Reproduce exactly only the lines from the line that holds "Linear regression between" to the line that holds "Umeh, a student", inclusive, in the listing below, and please leave out every picture.

> **Listed entries**

BEGIN

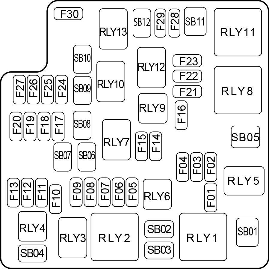 驾驶舱保险丝盒内的保险丝可通过驾驶员侧下储物盒盖背面标签加以识别。
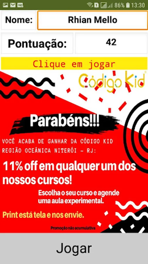 This application was created with the intention of playing, but at the end of the game who hit the 40 points can benefit from 11% discount on any of our courses Kid Code Ocean Region of Niterói - RJ.
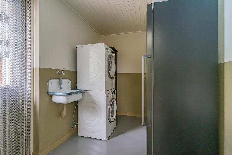 Via keuken te bereiken praktische bijkeuken met toegang tot de inpandige garage en middels loopdeur naar de achtertuin. Tevens is er ruimte voor een koelvriescombinatie en zijn hier de witgoedaansluitingen geplaatst.
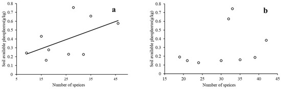 Linear regression between understory plant species richness and soil-available phosphorus in different types of forests ((a): monoculture, p = 0.02; (b): mixed forest, p = 0.48; no trendline for insignificant cases).
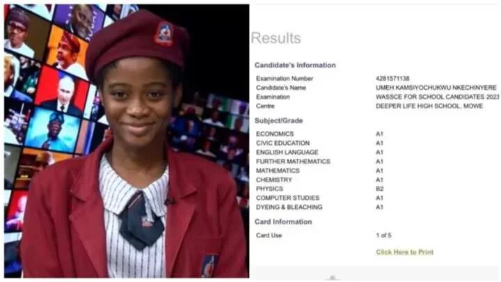 Umeh, a student of Deeper Life High School who was recently celebrated for scoring 360 in the Unified Tertiary Matriculation Examination (UTME) has again displayed academic excellence in her WAEC result.
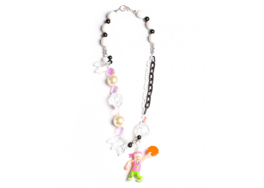 Vintage Looney Tunes™ Elmer Fudd figurine is made of PVC plastic and is approx. 3 inches tall and 2 1/2 inches wide. Decorated with crystals, faux pearls, lucite and vintage beads and chain. Necklace is approx. 27 inches long with silver lobster claw closure. Toy is attachable from necklace. Looney Tunes™ Collection by Erika Walton™. Handmade in the USA
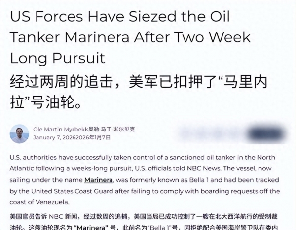 美军在北大西洋扣押了一艘跟委内瑞拉挂钩的油轮,这事闹得挺大,牵扯到俄罗斯的护航舰艇啥的。油轮本来叫贝拉一号,后来改成马里内拉,还换了俄罗斯的旗子。整个过程从去年十二月就开始了,那时候船从委内瑞拉附近的海域开出,本来打算去装石油,结果因为封锁啥的,没能靠岸,就这么空着肚子往前跑。美海岸警卫队盯上它后,追了挺长时间,大概两周吧。船一路往北海那边走,位置在冰岛南边不远。俄罗斯那边听说后,赶紧派了潜艇和军舰去接应,想给船护航。可惜距离太远,那些舰艇没来得及赶上,美军就先下手了。

END

> **Result for this task**
 Linear regression between understory plant species richness and soil-available phosphorus in different types of forests ((a): monoculture, p = 0.02; (b): mixed forest, p = 0.48; no trendline for insignificant cases).
 Umeh, a student of Deeper Life High School who was recently celebrated for scoring 360 in the Unified Tertiary Matriculation Examination (UTME) has again displayed academic excellence in her WAEC result.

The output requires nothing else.